- _Supplied information_

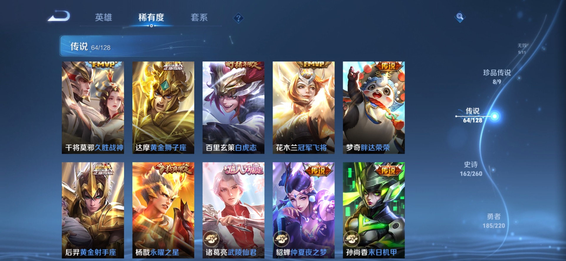 - PX_2095067-实名: 可修改 贵族等级: V7 英雄数: 124 皮肤数: 114 传说皮: 冠军飞将,黄金白羊座,猫影幻舞,超时空战士-狄仁杰,山海·苍雷引,乘龙·淬吴钩 限定皮: 御风骁将,龙胆,烈魂,孙行者,五谷丰年,神器·万象笔,山海·玄木吟
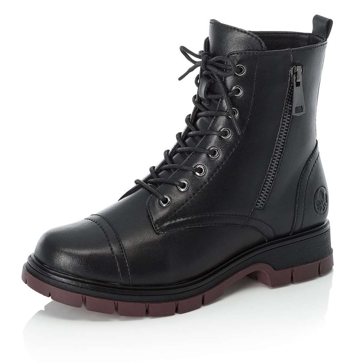 Nádherné kotníkové boty značky RIEKER, které mají vytláčené ozdobné logo na vnější straně a kontrastní podešev. Obouvání Vám usnadní šněrování, které poslouží pro lepší přizpůsobení na Vaši nohu. Uvnitř naleznete zateplenou podšívku, ta je zárukou maximálního pohodlí a tepla po celý den. Pevná podešev jemně traktorového vzoru v patě vysoká cca 3,6 cm má technologii Antistress, která je flexibilní a tlumí nárazy při došlapu. Tento kousek dodá šmrnc podzimním a zimním barvám Vašeho outfitu.
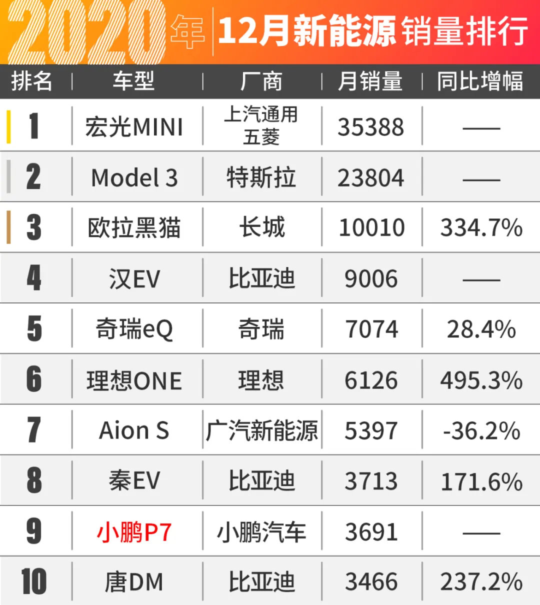 小鹏P7本月上榜第9名给了我一个很大的惊喜。虽然从P7的驾驶感受来看,这台车确实物有所值,不过自上市以来,P7却从未出现在销量榜中。可现如今,随着P7的登榜,这台驾乘感受出色,悬架无可挑剔的国产电动车也终于展现出了自己的实力!

- _Aim of the task_
When you reach the line that contains "Nádherné kotníkové boty", start copying the listing word for word and stop only after its last line, without any pictures.

- _Solution for this exercise_
 Nádherné kotníkové boty značky RIEKER, které mají vytláčené ozdobné logo na vnější straně a kontrastní podešev. Obouvání Vám usnadní šněrování, které poslouží pro lepší přizpůsobení na Vaši nohu. Uvnitř naleznete zateplenou podšívku, ta je zárukou maximálního pohodlí a tepla po celý den. Pevná podešev jemně traktorového vzoru v patě vysoká cca 3,6 cm má technologii Antistress, která je flexibilní a tlumí nárazy při došlapu. Tento kousek dodá šmrnc podzimním a zimním barvám Vašeho outfitu.
 小鹏P7本月上榜第9名给了我一个很大的惊喜。虽然从P7的驾驶感受来看,这台车确实物有所值,不过自上市以来,P7却从未出现在销量榜中。可现如今,随着P7的登榜,这台驾乘感受出色,悬架无可挑剔的国产电动车也终于展现出了自己的实力!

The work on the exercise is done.